HPC and Data for Lattice QCD
SGE
Generic information
Realtime
To use the realtime (and not CPU time of apemaster) for accounting and scheduling
set
execd_params to
SHARETREE_RESERVED_USAGE, ACCT_RESERVED_USAGE
(see
qconf -sconf and sge_conf(5)), AND set
control_slaves to
FALSE and
job_is_first_task to
TRUE
in all parallel environments.
Priorities
Useful documentation
The job priorities are calculated by
job_priority = weight_urgency * normalized_urgency_value +
weight_ticket * normalized_ticket_value +
weight_POSIX_priority * normalized_POSIX_priority_value
As can be seen from our scheduler configuration (
qconf -ssconf),
only ticket priority is used (
weight_priority seems to be the
weight_POSIX_priority, but it is not mentioned at all in sched_conf(5)).
halftime and
compensation_factor are the important
parameters for this scheduling.
From the sched_conf(5):
halftime
When executing under a share based policy, the scheduler "ages" (i.e.

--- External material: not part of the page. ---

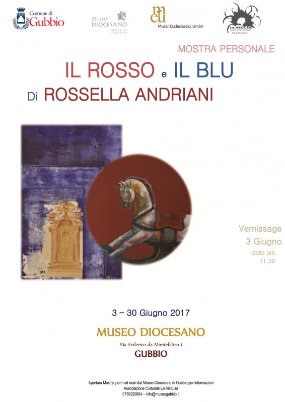 Il Polo Museale Diocesano e l’Associazione Culturale La Medusa promuovono per il mese di giugno 2017, la mostra di Rossella Andriani dal titolo “Il Rosso e il Blu”, patrocinata dal Comune di Gubbio e dall’Associazione MEU-Musei Ecclesiastici Umbri che sarà inaugurata il sabato 3 giugno alle ore 11,30, presso la prestigiosa sede del Museo Diocesano.

decreases) usage to implement a sliding window for achieving the share
entitlements as defined by the share tree. The halftime defines the
time interval in which accumulated usage will have been decayed to half
its original value. Valid values are specified of type time as
specified in queue_conf(5).
compensation_factor
Determines how fast Grid Engine should compensate for past usage below
of above the share entitlement defined in the share tree. Recommended
values are between 2 and 10, where 10 means faster compensation.
Old HOWTO
Handling projects in GRD
* Adding a new project
- For each project a GRD user access list (ACL) has to be defined:
qconf -au user1[,user2,...] acl_name
(Note: acl_name should be equal to project name)

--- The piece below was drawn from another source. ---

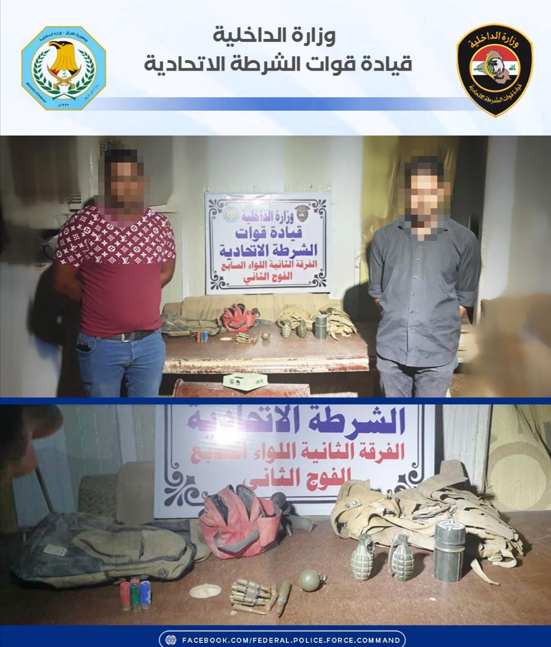 وذكرت القيادة، في بيان تلقته “الرشيد”، ان قوة من اللواء السابع الفرقة الثانية شرطة اتحادية بالاشتراك مع مفارز استخبارات اللواء التابعة إلى وكالة الاستخبارات والتحقيقات الاتحادية، نفذت عملية تفتيش لعدد من الفضاءات والساحات الفارغة ضمن منطقة (الري)، أسفرت عن العثور على كرفان في احد الساحات الفارغة وضبط بداخله 3 رمانة هجومية ، 23 اطلاقات مختلفة الأنواع ، درع ، وتم على أثرها إلقاء القبض على اثنين متهمين (اصحاب الكرفان)”.

and define name and acl (user access list defined before).
- To enforce definition of a project for each job, the list of projects
has to appear in the board queue configuration. In order to avoid
modification of all board queues this is only done for board zero of
each unit, i.e. queues matching b??0.
* Other useful commands:
- Show list of access lists: qconf -sul
- Show user access list: qconf -su acl_name
- Modify access list: qconf -mu acl_name
- Add user to access list: qconf -au user1[,user2,...] acl_name
- Delete user from access list: qconf -du user1[,user2,...] acl_name
- Show list of projects: qconf -sprjl
- Modify project: qconf -mprj prj_name
- Delete project: qconf -dprj prj_name
* Hints:
Users do not have to define a project for every qsub (or in every job
script). They simply have to generate a file $HOME/.grd_request or
./grd_request (in the submit directory) and add the line '-P prj_name'.